La durabilité des systèmes agricoles est un concept qui relie les dimensions écologiques, économiques, sociales et environnementales de l’agriculture (Francis et al, 1990). Milleville and Serpantié (1994) définissent la durabilité dans sa dimension écologique en termes de maintien ou de redressement de l’état des ressources productives du milieu en fonction de la nature et de la productivité du système agricole, et en prônant des mécanismes qui peuvent être mis en œuvre par les acteurs eux-mêmes (pratiques de jachère, apports de matière organique, dispositifs anti-érosion). Or la rapide croissance de la population rurale ramenée à l’espace agricole a entraîné une baisse drastique des disponibilités en terre par habitant.
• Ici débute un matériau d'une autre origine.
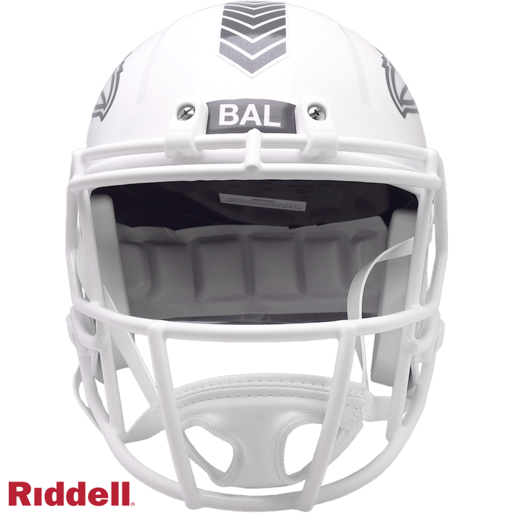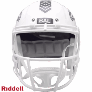 The Salute to Service helmets are inspired by those used by the military for decades, and are meant to honor the memory and selfless sacrifices of service members past and present. Each helmet features team logos, a chevron top stripe pattern, a stencil city name on front bumper, stencil Salute to Service back bumper, US Flag and official Sature to Service Ribbon. Made by Riddell.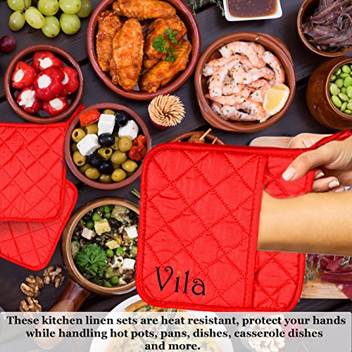 ✔ EASY TO STORE, WASHABLE & REUSABLE --- The best part about Vila potholders is that each has a hanging loop that allows for easy storage. Hang anywhere in the kitchen for a quick reach when you need them. Since this is 100% cotton, these potholders are machine washable and reusable.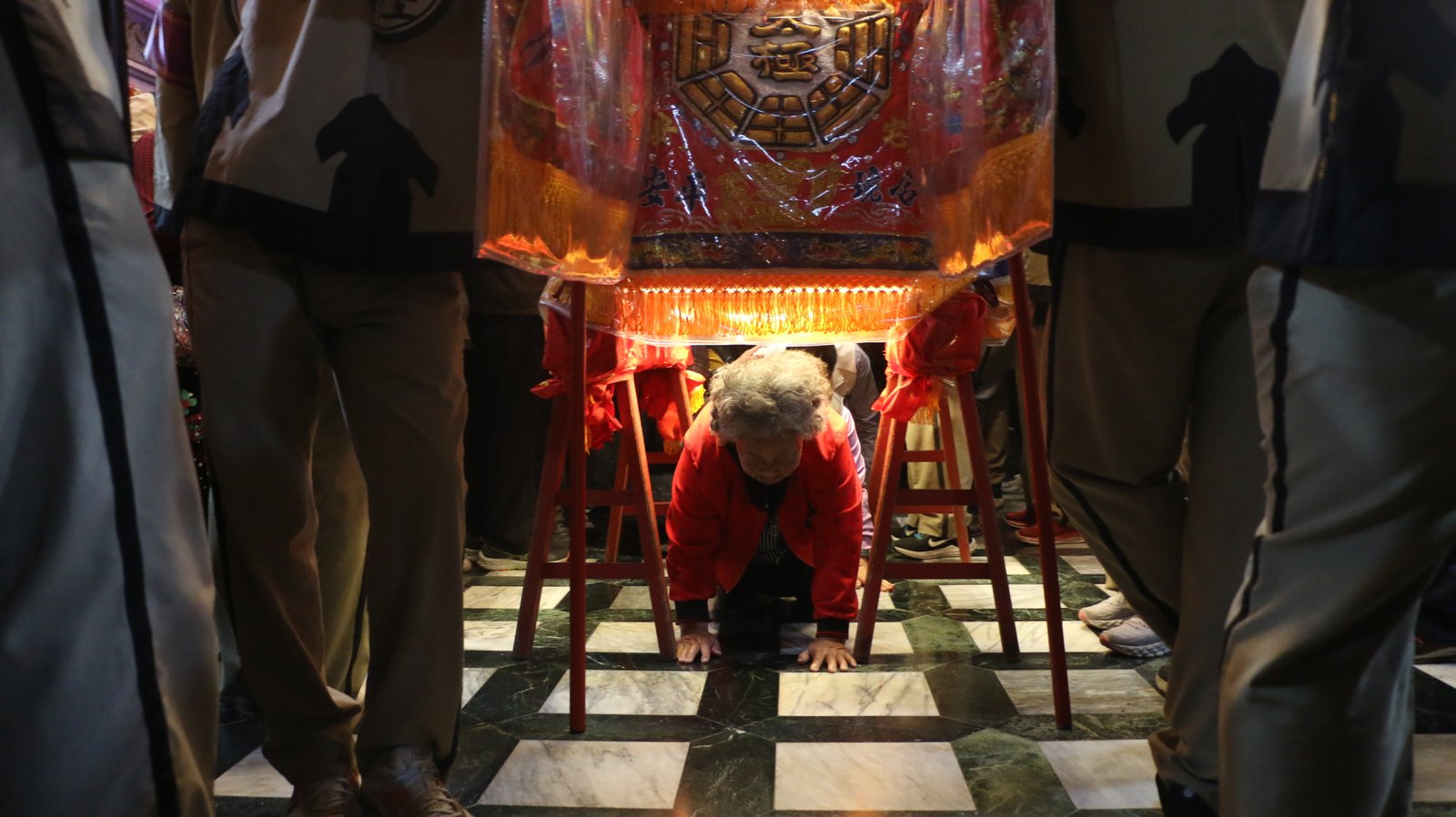 大甲鎮瀾宮九天八夜由台灣中部起駕,沿途有來自全國各地信眾追隨在側,其中駐駕雲林縣西螺鎮廣福宮老大媽祖廟,讓虔誠的信徒鑽過鑾轎下,虔心朝拜,庇佑國泰民安,風調雨順。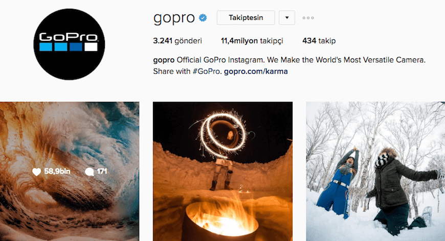 Bunu en iyi kullanan markalardan biri GoPro. Tamamen kullanıcılar tarafından üretilen içerikleri tekrar paylaşarak Instagram profillerini besleyen bu marka son derece başarılı.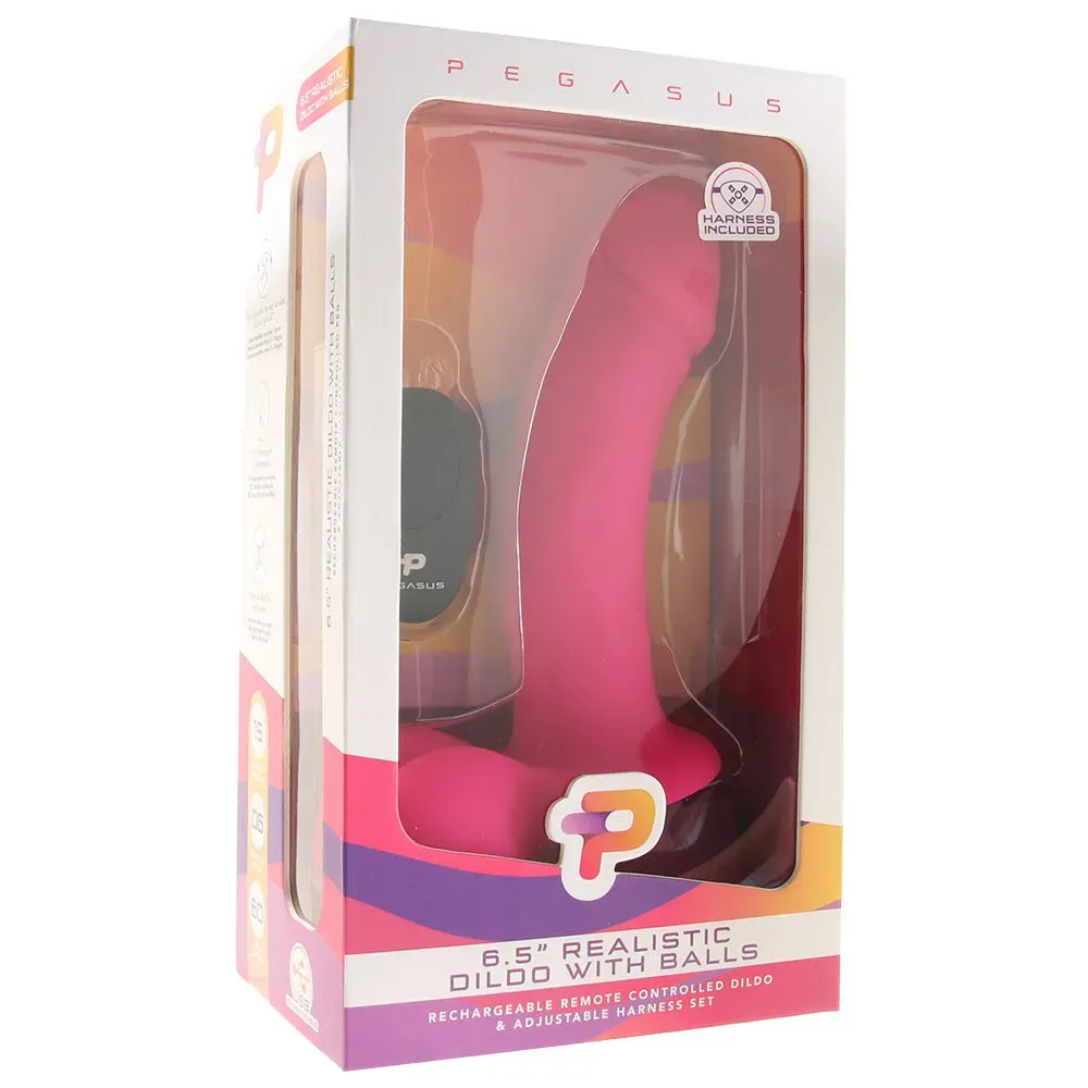 * The Pegasus Realistic 6.5" Ballsy Vibrating Strap-On Set fits up to a 67"170.2cm waist. Included O-ring sizes are 1.25", 1.75" and 2.0"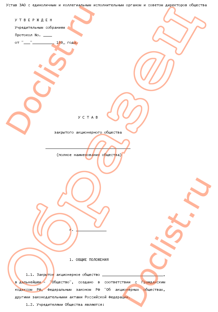 Устав зао с единоличным и коллегиальным исполнительным органом и советом директоров общества скачать образец документа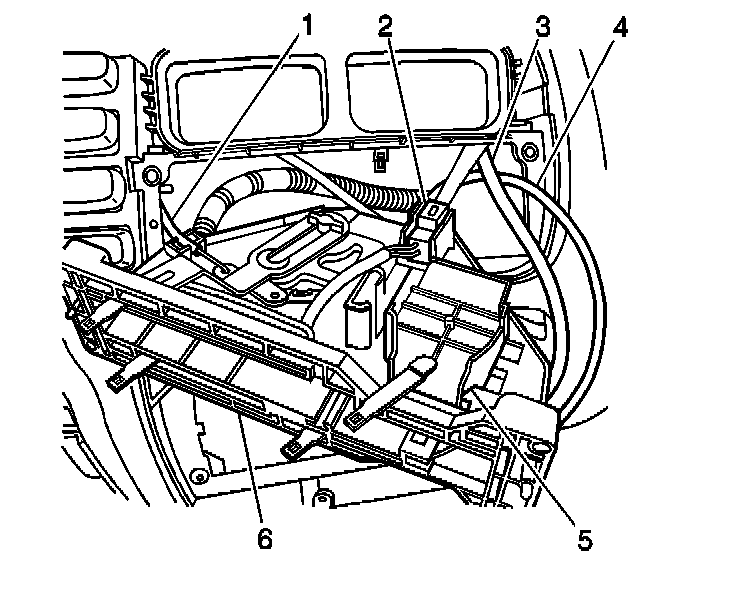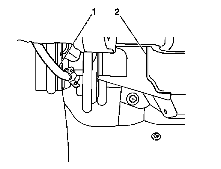 1. Remove the temperature control cable (1) from the clip at the heater case. Unhook the cable from the temperature door pin.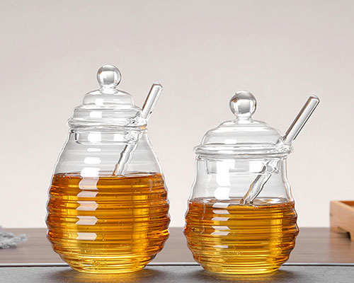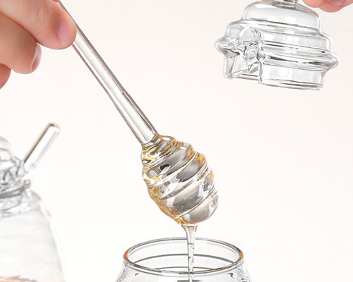 The glass honey pot bottom is flat and thickened for more stable placement.

La disponibilité en terres potentiellement cultivables en Afrique sahélienne diminue. Au Mali notamment, la superficie des terres cultivables estimée à 2,35 ha/habitant en 2000 ne serait plus que de 0,65 ha/habitant en 2050 (Alexandratos, 2005). Les adaptations locales pour faire face à cette saturation de l’espace ont été comme partout au Sahel, la réduction de la superficie et de la durée des jachères (Floret et al., 1993; Floret and Pontanier, 1999; Wezel and Haigis, 2002), l’utilisation des terres marginales pour l’agriculture (Raynaut, 2001), avec pour conséquence la baisse des rendements agricoles (Pieri, 1989). Les baisses de rendements enregistrées dans plusieurs pays mettent en lumière les relations étroites entre l’expansion démographique, la détérioration de l’environnement et la stagnation de l’agriculture (Milleville and Serpantié, 1994).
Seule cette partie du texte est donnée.